If you truly have a fear of having to run a rapid with only one oar, I suggest you either 1) practice rowing rapids with only one oar (or) 2) rig your boat with 2 oar set ups so that if one person loses an oar, the other person still has total control of the boat.


----------



## lhowemt (Apr 5, 2007)

caseybailey said:


> 2) rig your boat with 2 oar set ups so that if one person loses an oar, the other person still has total control of the boat.


Either I'm not following you, or if I am, this sounds like a crazy idea?????


----------



## Rich (Sep 14, 2006)

lhowemt said:


> Either I'm not following you, or if I am, this sounds like a crazy idea?????
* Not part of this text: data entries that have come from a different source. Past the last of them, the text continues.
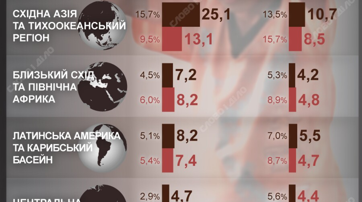 На четвертому місці — Близький Схід та Північна Африка: 8,2 млн дітей у 2024 році (зростання на 1 млн за 4 роки), або 6% світового показника.
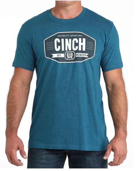 This teal cotton-poly crew neck is the casual, go-to tee you need to pack for every destination. Designed with a CINCH front screen print, our tee makes the perfect match for blue jeans and cowboy boots.
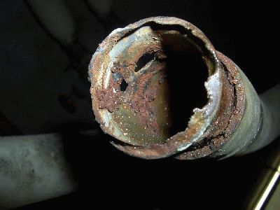 Erfahrungsgemäß sind die Wasserrohre nach vorne zum Kühler mit den Jahren auch schon etwas gealtert. Dazu kommt, das die Rohre einen Konstruktionsfehler haben, der sich gerne dramatisch und motorschädigend nachts auf einsamer Landstrasse im Regen mit quengelnden Kindern im Wagen äußert, sollte man die Gelegenheit nutzen, wenn der Tank sowieso draußen ist und die Rohre den Fühltest nicht bestanden haben, bzw. andere Zeichen zeigen, die ich gleich erläutere, die Rohre mit auszutauschen. Das Ganze ist bei ausgebautem Tank eine Kleinigkeit und gibt wieder Sicherheit für Jahre. Die Wasserrohre sind aus Kunststoff gefertigt und besitzen an beiden Enden eingepresste Metallhülsen. Diese Hülsen korrodieren, insbesondere dann, wenn nicht ausreichend Frostschutz im Wasser ist (auch nur kurzzeitig im langen Leben eines Bully). Die Korrosion führt dazu, das der Kunststoff reißt und die Metallhülse wandert langsam heraus. Dadurch verliert die Schelle, die den Schlauch auf dem Rohr fixiert, langsam die Vorspannung, wandert ab und irgendwann flutscht der Schlauch ganz ab und ehe man sich versieht, ist das Kühlwasser weg und der Motor Geschichte. Wenn man die Schläuche abzieht, dann sieht es wie auf den Bildern unten oder so ähnlich aus. Sicheres Zeichen für einen bevorstehenden Defekt sind leichter Wasserverlust an den Schellen und ein sichtbarer roter Ring auf den Rohren. Normalerweise sind diese roten Ringe Markierungen, bis wohin die Schläuche aufgeschoben werden müssen. Wie auf dem Bild erkennbar sind die Ringe schon dreckig, also ist der Wanderungsprozess der Metallhülsen schon länger im Gang. Das linke Rohr hat dagegen einen sauberen roten Ring, dort ist bis zur Demontage alles in Ordnung gewesen. Rohre werden grundsätzlich paarweise getauscht, da sie immer gleich alt sind. Im Regelfall ist das rechte der beiden Rohre betroffen, dort fließt das heiße Wasser vom Motor zum Kühler. Ein weiterer sicherer Indikator ist auch der Tasttest. Man tastet mit dem Finger zwischen Schelle und Rohrende durch den Schlauch, der tastbare Durchmesser muss gleich dem vor der Schelle in Richtung Rohr sein. Ist er das nicht, dann ist die Hülse schon herausgewandert. meist ist auch der Kunststoffwulst schon abgerissen und nicht mehr tastbar. Hier sieht man die Rohrenden im Motorraum, die rechte Hülse ist schon fast vollständig herausgewandert. Sie wird auch am stärksten beansprucht (Zulauf zum Kühler vom Motor, direkt nach dem Motor)
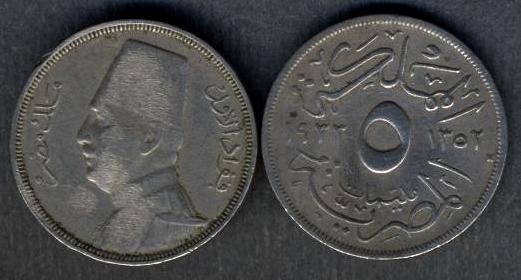 EGYPT 5 Milliemes 1933H Fuad 1°
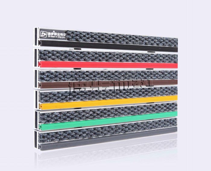 铝框架采用Alcoa高精度纯铝耐腐蚀防锈硬质铝合金,侧面高度达到20MM±1,铝合金壁厚为1.0MM-1.5MM-2MM-2.5MM-3.5MM,,其承重力在标准滚动下每平方可达1500kg-2500kg-4000kg-6000kg不变形,承受力强。面料采用SurfaceISO 2424/DIN 61151、平整 needle felt,纱线 pile yarnCEE83/623100%PP ,底 backing ISO 2424PVC/PD毛高pile heightISO 1776/DIN543253.5mm ,毛重pile weightISO8543 1150g/㎡,总高度total heightISO1765/DIN538558.0mm(PVC)8.5mm(PD),总重量total weightISO8543/DIN538542850g/(PVC)2210g/(PD),尺寸稳定性dimensional changeISO 2551/DIN 54318、通过pass,隔音性sound insulationISO 140/8 DIN52210、通过pass阻燃性Flammability ratingBS4790 DIN4102 T14B2/ta/t2 pass通过 B2/tat2面料色彩丰富,可根据客户需要灵活搭配。配件:锁扣为Sus304不锈钢锁扣,钢丝为特殊处理的防锈包塑钢丝。底部采用900系统制成两边支撑力大,更能够完美保持地垫的高度一致。地垫放置于高级石材或地砖坑槽内。避免了传统地毯与地面石材的摩擦,能延长石材面板保护膜的寿命同时有效保护地面石材的表面光滑度。

Actually it works pretty good, but it has nothing to do with spare oars.
Took my daughter down the Grand when she was 17 and we rowed a tandem cat. Two cat day frames, one in front of the other, mounted on 18' Aire cat tubes. We had double the power for all the big moves (and the wind). Had about 14' of frame, so we had massive load capacity.

When I got knocked out of my seat at the top of Hance, we still had one set of oars in the water. On Badger, the very first rapid, it seemed like a very bad idea as I tried to yell directions from the rear seat. We quickly realized that the best plan was for me to match her stroke for stroke since I could see her and she could not see me (and neither of us could hear the other since we were both facing forward). So for the whole trip I was just extra power and she was reading the river and picking the lines.
There were several times I was rowing as hard as I could to somewhere I did not want to be. But it worked out great and with the "4 stroke" we had plenty of power.


----------